— What to work on —
Leave out all images and set down the records exactly as given.

------------

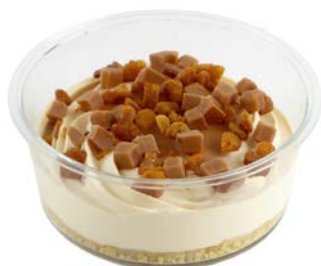
Dulce de lèche met crumble Dulce de lèche avec crumble
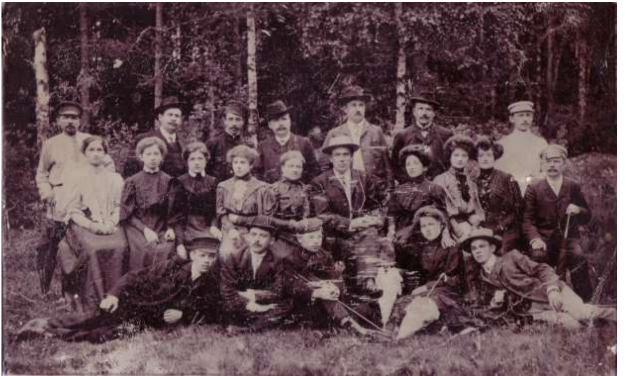
Фото 4. Коллектив театра 1905 года
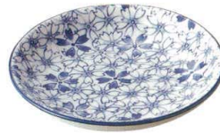
133-M001 4寸皿 φ12.9×2.1cm 450 円
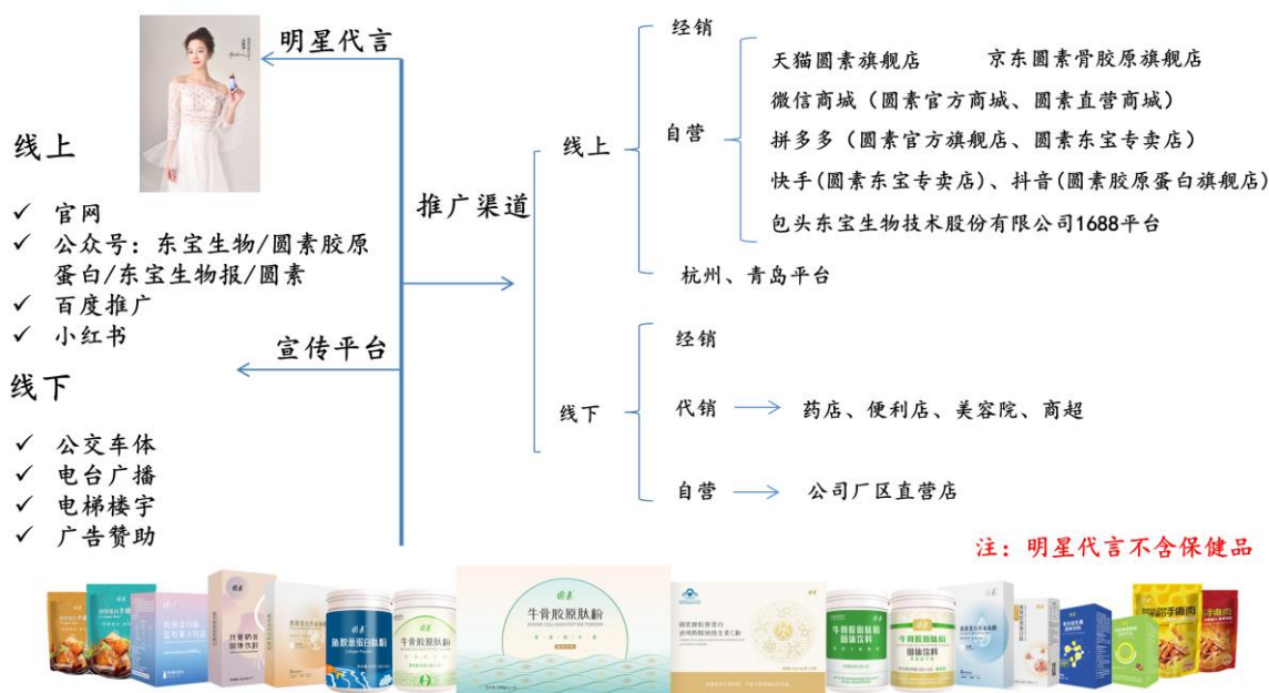
图7 “圆素”系列终端系列产品主要宣广渠道

并通过小红书、百度推广及线下多种方式进行品牌宣传。此外，公司大力开发团购业务，打造区域知名伴手礼品牌。报告期内，公司重点拓展了周边药店、美容院、便利店、特产店、商超等线下渠道，实现产品销售网络的区域普遍覆盖。后续，公司将密切关注动销情况，并全力提供市场营销方案、销售支持、人员培训和售后服务工作，争取实现新突破，创造中国“胶”傲。

------------

— Problem solution —
Dulce de lèche met crumble Dulce de lèche avec crumble
Фото 4. Коллектив театра 1905 года
133-M001 4寸皿 φ12.9×2.1cm 450 円
图7 “圆素”系列终端系列产品主要宣广渠道

并通过小红书、百度推广及线下多种方式进行品牌宣传。此外，公司大力开发团购业务，打造区域知名伴手礼品牌。报告期内，公司重点拓展了周边药店、美容院、便利店、特产店、商超等线下渠道，实现产品销售网络的区域普遍覆盖。后续，公司将密切关注动销情况，并全力提供市场营销方案、销售支持、人员培训和售后服务工作，争取实现新突破，创造中国“胶”傲。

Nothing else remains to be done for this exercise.